To further increase MW by adding a cognitive distraction during the SART and to assess particpants’ creativity, we implemented a short task for divergent thinking based on the alternative/unusual uses concept originally introduced by Guilford74. In this unusual uses task (UUT), participants were given 20 s to find alternative uses for a brick, with the original use described as “building houses”. Participants entered their answer in a large text field and were asked to enter one answer per line.

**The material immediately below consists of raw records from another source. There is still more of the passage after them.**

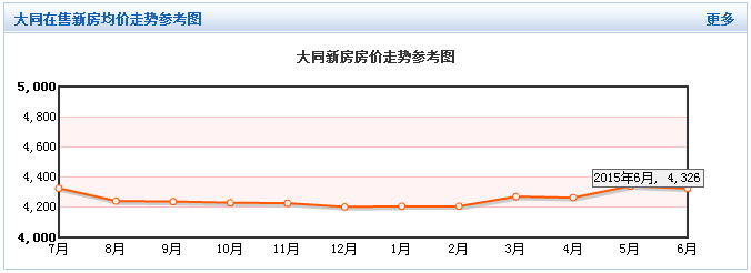 據0352房網數據中心有關大同在售新房均價走勢參考顯示,目前大同在售樓盤,2015年5月統計大同樓盤均價4342元/平米,6月份統計大同樓盤均價為4326元/平米。房價在2015年6月和5月相比,基本持平。
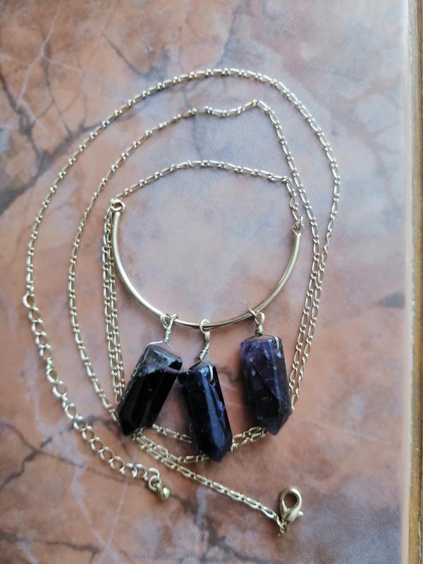 Очень стильное украшение. Аметисты нат. позолота 18 кар. Длина 90 см. 5 см удлиняющая цепочка.
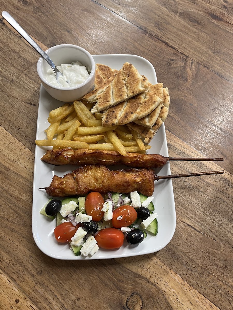 The menu leans into comforting, familiar dishes with a Mediterranean twist—Greek gyros wraps, halloumi skewers, and spiced lamb flatbreads all make appearances alongside classic breakfast offerings like the full English and inventive scrambled eggs with cheese and smoked ham. Portions tend to be generous, making it a solid stop for those who want to fuel up well before exploring the nearby Cotswolds or continuing their journey.
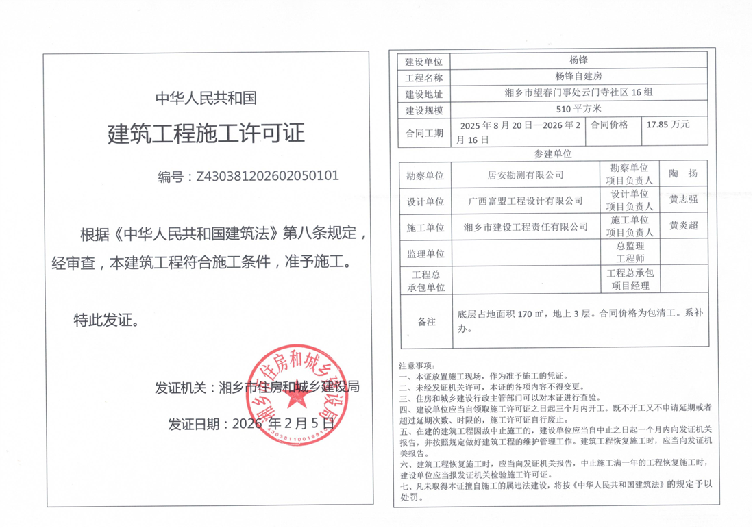 索引號(hào):4303000006/2026-1417558 發(fā)布機(jī)構(gòu):行政執(zhí)法 發(fā)布目錄:建筑工程施工許可
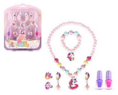 Zestaw biżuterii z motywem jednorożca. W komplecie naszyjnik, bransoletka, kolczyki, pierścionki oraz lakiery do paznokci. Biżuteria w pastelowych kolorach. Zabawka przeznaczona dla dzieci od lat 3. Produkt zapakowany w kartonową podstawkę z przezroczystym kloszem. Podane wymiary są wymiarami opakowania.

We implemented the MAAS and SART with ES as an online experiment using the JavaScript-based online experiment builder “lab.js” (https://lab.js.org75. Participants were required to wear headphones during the experiment. We included a headphone test before the SART to ensure participants had correctly placed the headphones and could listen to the stimulation. Runnable files and code for both language versions of the experiment can be found in the supplementary materials at


The online experiment started with information about the experiment, data processing, and informed consent request. This was followed by a short demographic questionnaire, the MAAS, the headphone test, the UUT, and 20 min of the SART. After the SART, a summary page informed the participants about their performance and a debriefing page gave further background information about the study.

Data processing, analysis and creation of figures and tables were done in R (v 4.0.2)55, using the following packages in addition to base R: ‘tidyverse’76 for various data wrangling and processing tasks and for data visualizations via ‘ggplot2’56, ‘GGally’58 for data visualizations, ‘e1071’77 for kurtosis and skewness calculations, ‘lubridate’78 for handling of date and time data, ‘lavaan’79 for confirmatory factor analyses, ‘stargazer’80 to create and export LaTeX tables, ‘splithalf’57 for permutation-based split-half calculatio ns.